Mike Kefauver of Chicago, one of the chaperones working at Thomason's house, has been going to Reach work camps for 17 years.
Kefauver said he always marvels at how well behaved and willing to work the are.
By Zac Taylor
Staff writer
Joy Thomason could not give enough thanks to the group who spent a week building her deck, replacing her floor, and painting parts of her house.
"They are amazing, just amazing people," she said.
More than 800 kids and young adults, some from as far away as Illinois and Michigan, camped out in Hurricane High School over the last two weeks to do handiwork on the houses of Hurricane's low income families.

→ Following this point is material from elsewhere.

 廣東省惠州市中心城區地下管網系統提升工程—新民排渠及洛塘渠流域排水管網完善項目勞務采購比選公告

The work is done through a Christian youth retreat called Reach. Each summer, Reach holds work camps in several different towns across the country, where the goal is to help families with housework they can't afford. The program has been coming to Hurricane, off and on, since 2000.

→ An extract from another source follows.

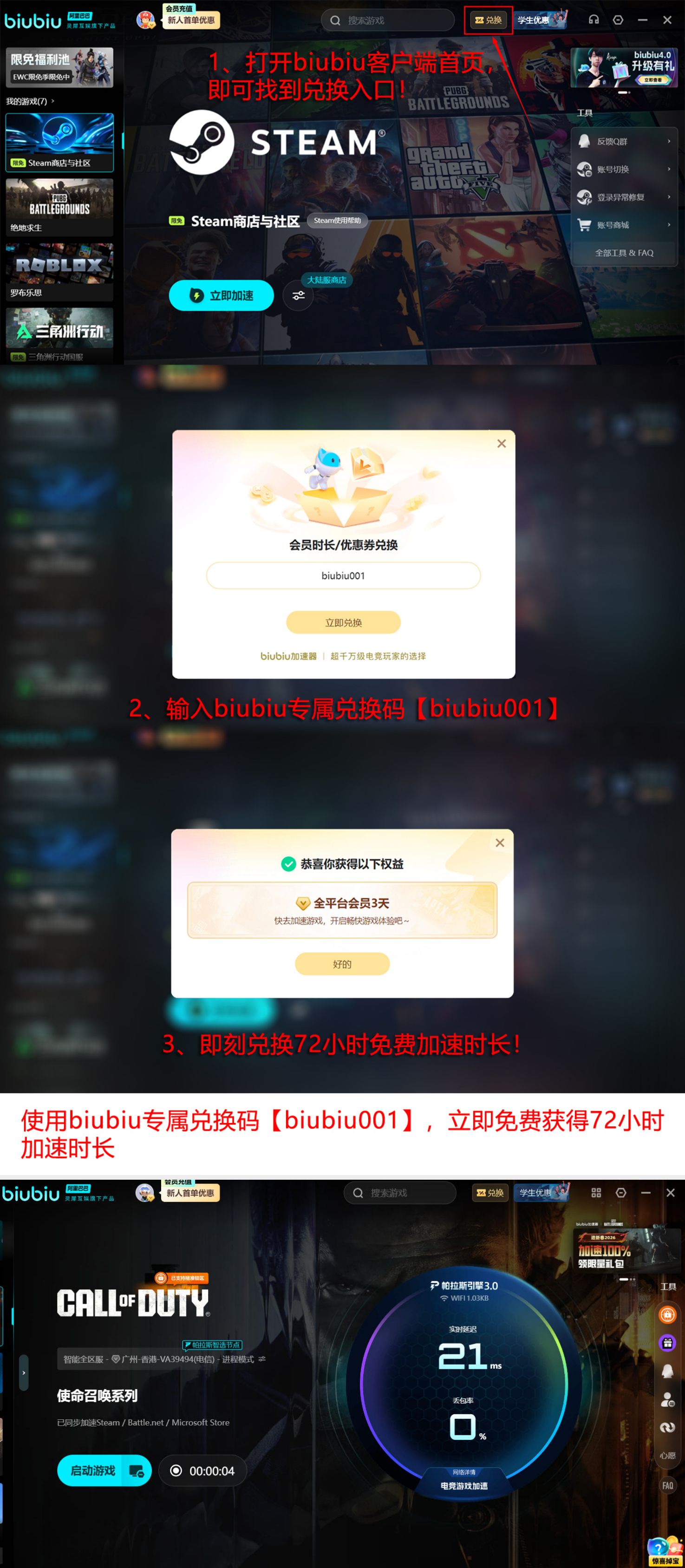 当前平台开放多项新手激励政策:首次注册用户可立即领取24小时免费加速时长;输入通用兑换码【biubiu001】还可额外获得3天使用权,新老账户均可参与。两者叠加后,新用户总计可享96小时无费用加速服务,无需投入硬件升级成本,即可实现低延迟、高稳定的游戏连接体验。

The kids are chaperoned by adults and sleep on air mattresses and cots in classrooms at Hurricane High during their stay. One adult chaperone is required for every five children.

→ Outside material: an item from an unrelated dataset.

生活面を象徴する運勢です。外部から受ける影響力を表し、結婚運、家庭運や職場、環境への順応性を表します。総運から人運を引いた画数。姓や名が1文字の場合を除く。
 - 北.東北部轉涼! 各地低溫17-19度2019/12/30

Reach was in Hurricane for two weeks, ending this weekend. After the first week ended on July 24, an older group of kids moved into the high school a day later and continued work on the houses.
"We're doing anything we can to help fix up houses in the community," said Stephen Dunwoody, 18, of Weddington, N.C.
The kids attend Reach through their local church youth groups. Seven youth groups from Illinois, Pennsylvania, Virginia, Michigan, and Ohio worked on Thomason's house in the program's first week.
Thomason said she helped the kids work on her house. She also ate lunch with them and attended their devotional meetings, which they held every work session. Reach workers refer to the families they help as "neighbors," and Dunwoody's group was happy to have Thomason as theirs.
"I don't think we could have asked for a better neighbor," said Paige Goody, 16, of New Philadelphia, Ohio.
Mike Kefauver of Chicago, one of the chaperones working at Thomason's house, has been going to Reach work camps for 17 years.
Kefauver said he always marvels at how well behaved and willing to work the are.
"They're all good kids," he said. "I've never had a bad one."
Hurricane town officials raised $10,000 in order to pay for the food and building supplies needed to host the work camp for its two weeks. The money was then divvied out to the various youth groups so they could buy building supplies.
Hurricane City Manager Ben Newhouse said that Reach is well worth the money. He estimates that for every dollar put into the program, the city gains ten dollars in revenue since the visitors presumably buy their food, fuel, and supplies locally.
Town officials and full-time Reach employees pre-screen potential houses, which are chosen based on need, months before the work camp starts. More than 150 houses applied for the program this year; 65 were worked on, Newhouse said.
Thomason said she applied for the program because her monthly stipend from child support is not enough to pay for home repairs. Before Reach came to fix her porch, she was afraid it would collapse on the mailman.
Jane Hodges of Teays Lane also had her house worked on.
"They told me as long as I don't have a Cadillac sitting out front, they'd help me out," she said.
As it turns out, Hodges has a late-model Buick - and a fixed income. She recently fell off a chair and injured her tailbone. The injury prevents her from doing physical labor, and she welcomes any help fixing her house.
"It means the world to me," she said.
To Thomason, the fact that Reach ended today is bittersweet. On one hand, her house is much more livable. On the other hand, the friends she made in the last two weeks are leaving.
"I'll be really sad when they leave because I'm attached to the boys and girls, all of them," she said.
The connection will still be there. One of the groups working on Thomason's house wrote their names on a piece of wood and gave it to her before they left.
"That's something I can treasure," she said.